§ **About this task**
The reply should contain all the data below, repeated exactly, and none of the images.

§ **Information supplied**
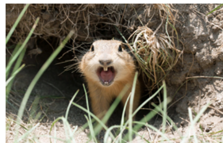
Sisler og klippeegern lever ofte i grupper, og skal så vidt muligt holdes flere sammen. Artsfæller kommunikerer blandt andet ved forskellige vokaliseringer.
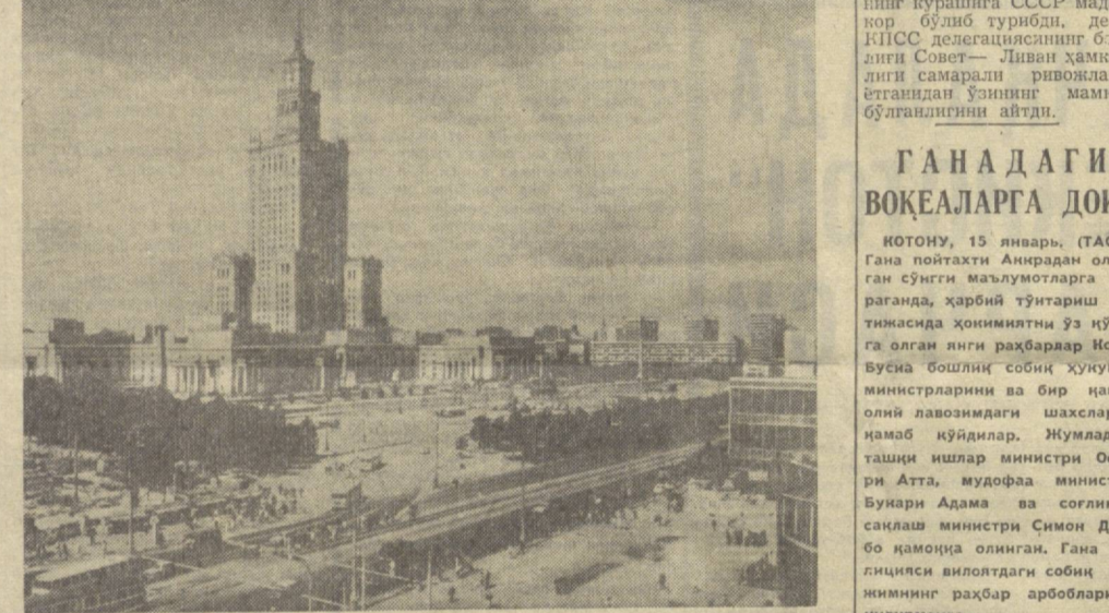
Суратда: Совет Иттифоқи томонидан соғла сифатида қуриб берилган Маданият ва фан саройи.
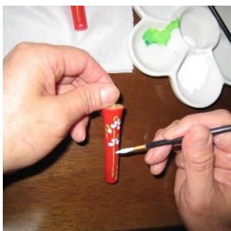
和蝋燭絵付け体験 (有限会社中村ローソク) 1,500円/30分

§ **Answer box**
Sisler og klippeegern lever ofte i grupper, og skal så vidt muligt holdes flere sammen. Artsfæller kommunikerer blandt andet ved forskellige vokaliseringer.
Суратда: Совет Иттифоқи томонидан соғла сифатида қуриб берилган Маданият ва фан саройи.
和蝋燭絵付け体験 (有限会社中村ローソク) 1,500円/30分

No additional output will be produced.